Indeed, the Chief Judge in the District of Columbia courthouse, where the White House would need to bring a court case to block testimony based on a claim of executive privilege, has dealt with the crime fraud exception to the attorney-client privilege (which is generally more absolute than the executive privilege). Judges even warn counsel away from contesting the issue in these kinds of situations by noting that the court would then be compelled to determine if the relevant communications involved criminal activity. Paul Manafort’s counsel knows this lesson well, where the court issued a lengthy decision finding that his communications with his legal counsel in 2016-17 concerning FARA fell within the crime fraud exception. Notably, as the court held, it is not necessary for both parties — the client and lawyer — to be involved in the fraud; it is sufficient that the client was seeking to perpetrate the fraud. The same should apply to the analysis of a claim of executive privilege. As a recent law review article observes, “The crime-fraud exception could potentially also apply. There is no official case in which the crime-fraud exception has been applied to communications otherwise protected by the executive privilege, but it is likely that a court would follow the policy underlying the crime-fraud exception to other privileges.”
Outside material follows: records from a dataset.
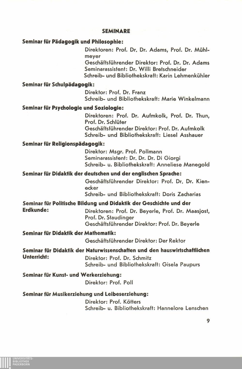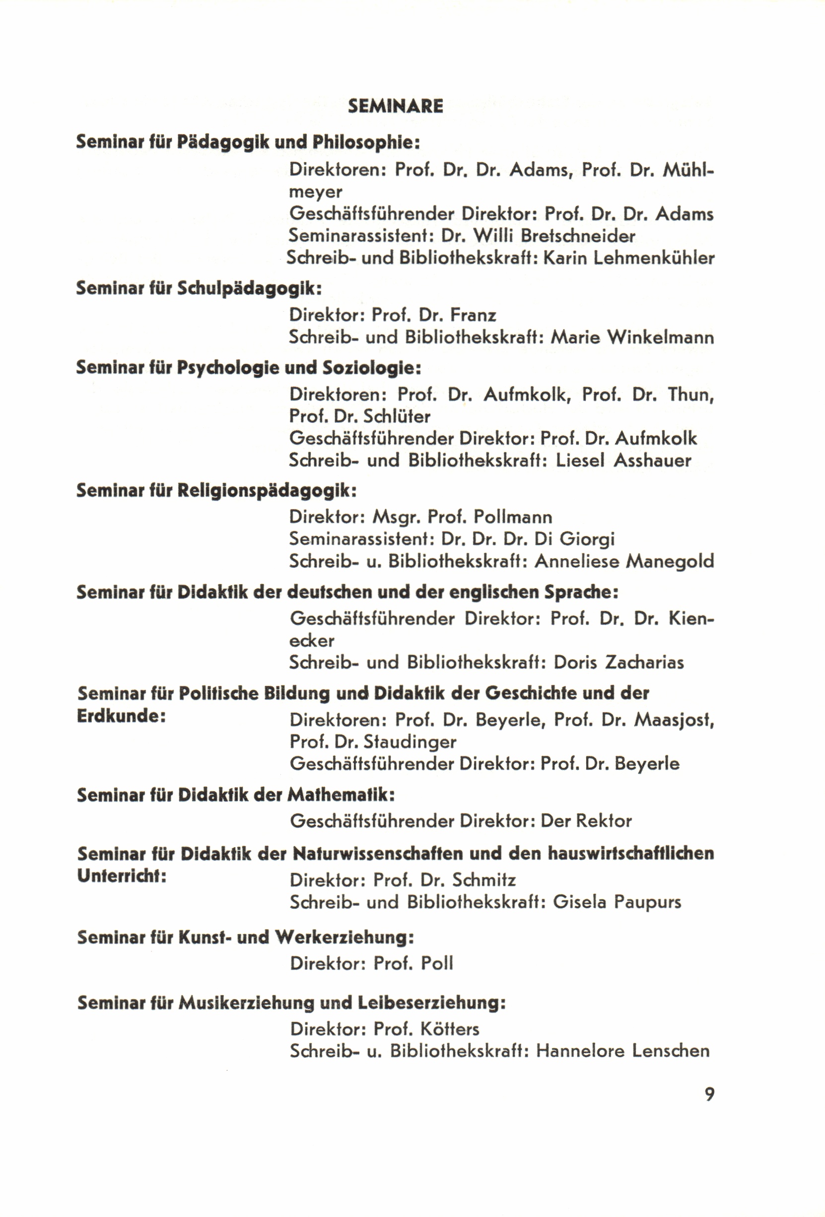 Vorlesungen, Seminare, Übungen, Arbeitsgemeinschaften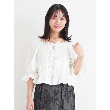 レースアップデザインがフェミニンで甘さをプラスしてくれるトップス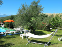 Lantgård "Villa Elster", omgiven av träd och fält. 7 lägenheter i residenset. 1 km från centrumet av Collecorvino, 15 km från centrumet av Città San Angelo, 20 km från centrumet av Pescara, i en sluttning, 20 km från havet. För gemensamt bruk: tomt 4'000 m2 (inhägnad), trädgård med gräsmatta och planteringar, pool (10 x 5 m, 130 cm djup, tillgång säsongsbunden: 01.Jun. - 30.Sep.) med salt-elektrolys. Utedusch, trädgårdsmöbler, utegrill. I huset: tvättmaskin (för gemensamt bruk, extra). Parkering på tomten. Affär 1 km, busshållplats 150 m, sandstrand "Montesilvano" 20 km. Lokal försäljning av lantgårdsprodukter. Ägaren bor i separat del av huset.Interior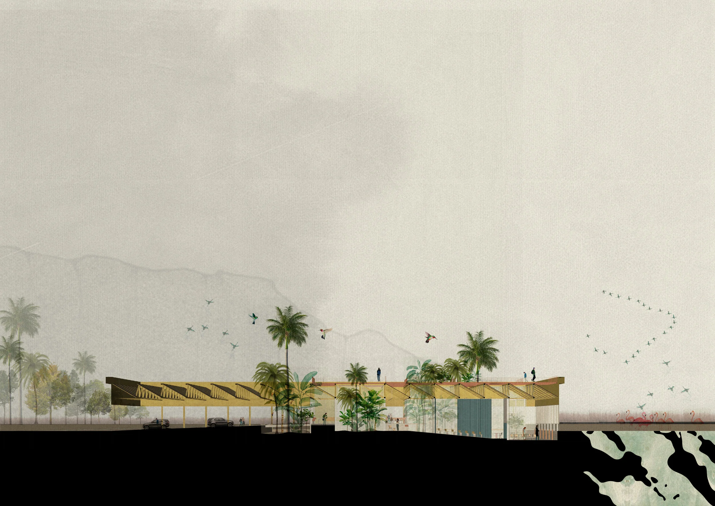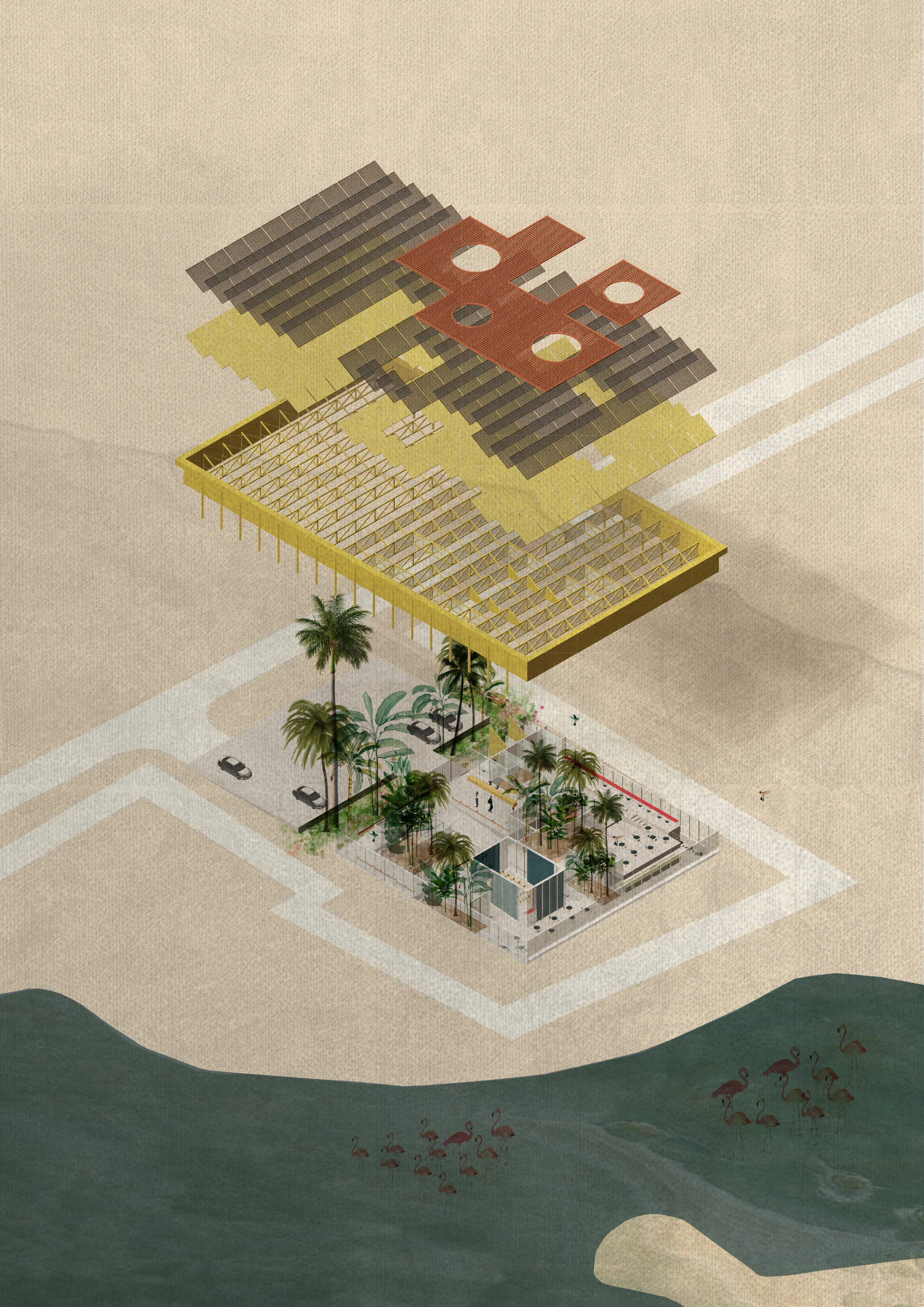 The design aims to develop an architecture that finds itself into that space, able to provide shelter to a vast array of activities with the ultimate goal of capturing those moments that the land, its population and the environment have to offer. Following the brief, a regular rhythm of UC steel beams lay on the competition site requiring minimal excavation. The punctual landing of the structure ensures a sense of lightness, almost ethereal, like a temporary structure, similar to a tent that provides a roof that can be removed and installed elsewhere. Crossing Vierendeel truss allow for a generous column free span achieving that condition of continuity / uninterrupted we described at the very beginning, which inevitably connects with the nature of the land. A continuous perimeter fascia provides rigidity and stability to the main structural system, which is easy to assemble and to maintain, while a case all around hosts all technical equipment such as HVAC unit, lighting drivers, converters, and electrical main panels. Roof panels with integrated solar system to fill up the void that the structural grid generates, their inclination ensure optimal solar exposure collecting enough electrical supply that makes the building self-sufficient. A metal grille terrace lies on top of them providing the customer with a breath-taking and unobstructed view to the whole wet land, allowing the sun rays to pass through it without compromising the solar system functionality.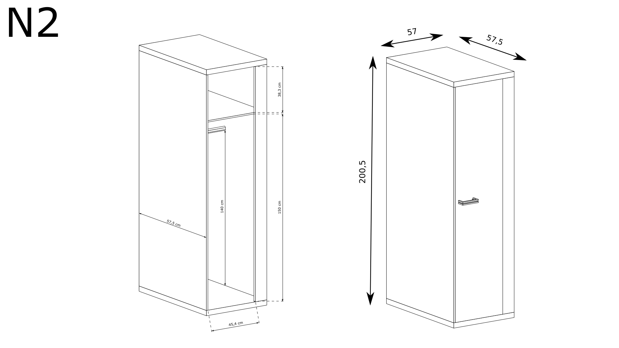 Szafa wąska z drążkiem 57 cm NATURAL N 2

Given the list of federal crimes that leading legal experts conclude applies to the alleged scheme with Ukraine, a federal court finding could be a significant blow to the White House both in the impeachment itself and more generally as it would not be coming from members of the other party. It would also strengthen the hand of prosecutors who may be investigating others, like Mayor Rudolph Giuliani, as co-conspirators in such a scheme.

In short, there’s a legal buzzsaw that would await the White House in asserting a claim of executive privilege as it would open the door to a judge finding that the crime fraud exception applies.